- Born: 3 February 1904 Bordeaux, Gironde, France
- Died: 8 May 1991 (aged 87) Fontainebleau, Seine-et-Marne, France
- Other name: Camille Mireille Perret
- Occupation: Actress
- Years active: 1931 - 1980 (film)

= Mireille Perrey =

French actress (1904–1991)

Mireille Perrey (1904–1991) was a French stage and film actress. Perrey played some leading roles in the 1930s but gradually developed into a character actor, appearing in films such as the British comedy Hotel Sahara (1951). In 1964 she was featured in The Umbrellas of Cherbourg.

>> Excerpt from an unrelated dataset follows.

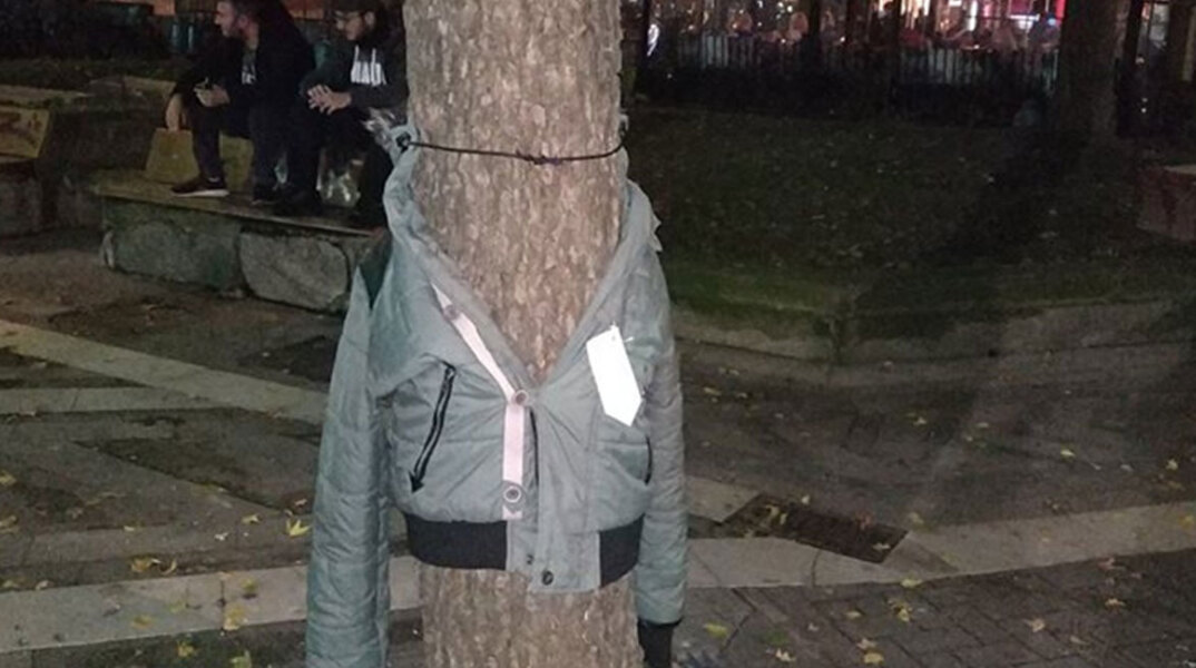 Στη Λάρισα έντυσαν τα δέντρα με μπουφάν για τους φυλακισμένους και τους αστέγους (εικόνες)

Between 1942 and 1947 she was a member of the Comédie-Française.

==Filmography==

| Year | Title | Role | Notes |
|---|---|---|---|
| 1931 | Pas sur la bouche | Gilberte Valandray |  |
| 1931 | I'll Be Alone After Midnight | Monique Argilliers |  |
| 1933 | The Porter from Maxim's | Totoche |  |
| 1934 | L'école des contribuables | Juliette Valtier |  |
| 1934 | Dédé | Odette Chausson |  |
| 1935 | Juanita | Juanita - une jolie Tzigane |  |
| 1935 | Jim la houlette | Pauline Bretonneau |  |
| 1936 | The Lover of Madame Vidal | Françoise Charny |  |
| 1936 | The Blue Mouse | Madame Rigaud |  |
| 1936 | Les petites alliées | Mandarine |  |
| 1937 | Mon deputé et sa femme | La baronne de la Carbonnière |  |
| 1937 | La fessée | Hermine Chauchois |  |
| 1938 | Education of a Prince | Gisèle Beryl |  |
| 1939 | Une java | Marie Cerval |  |
| 1942 | Nadia la femme traquée | Nadia |  |
| 1943 | Jeannou | Conchita de Cantagril |  |
| 1946 | Patrie | Catherine Jonas |  |
| 1946 | Rooster Heart | Mme Bourride, dite :Vera |  |
| 1949 | Doctor Laennec | Jacquemine d'Argout-Laennec |  |
| 1949 | Toâ | Françoise |  |
| 1950 | Miquette | Madame veuve Hermine Grandier |  |
| 1950 | The Prize | Countess de Blonville |  |
| 1950 | Murders | Blanche Annequin |  |
| 1951 | Les maîtres-nageurs | Hélène Marchand |  |
| 1951 | Dr. Knock | Mme Rémy |  |
| 1951 | Hotel Sahara | Mme. Pallas |  |
| 1952 | Love, Madame | Madame Célerier |  |
| 1953 | Carnival | Isabelle |  |
| 1953 | The Earrings of Madame de... | La Nourrice |  |
| 1954 | Adam Is Eve | Mme Corinne |  |
| 1955 | La villa Sans-Souci | Mme. Legardon |  |
| 1955 | Tant qu'il y aura des femmes | Juliette Mithouard |  |
| 1957 | The Man in the Raincoat | Marguerite Constantin | Uncredited |
| 1957 | Donnez-moi ma chance | Mme Noblet |  |
| 1958 | Women's Prison | Mme Vertin - la mère de René |  |
| 1959 | The Green Mare | La mère Haudouin |  |
| 1960 | Certains l'aiment froide | Maman |  |
| 1960 | The Hands of Orlac | Madame Aliberti |  |
| 1961 | Le Tracassin | La patronne du babilys |  |
| 1964 | The Umbrellas of Cherbourg | Tante Élise |  |
| 1971 | Un peu de soleil dans l'eau froide |  |  |

==Bibliography==
- Goble, Alan. The Complete Index to Literary Sources in Film. Walter de Gruyter, 1999.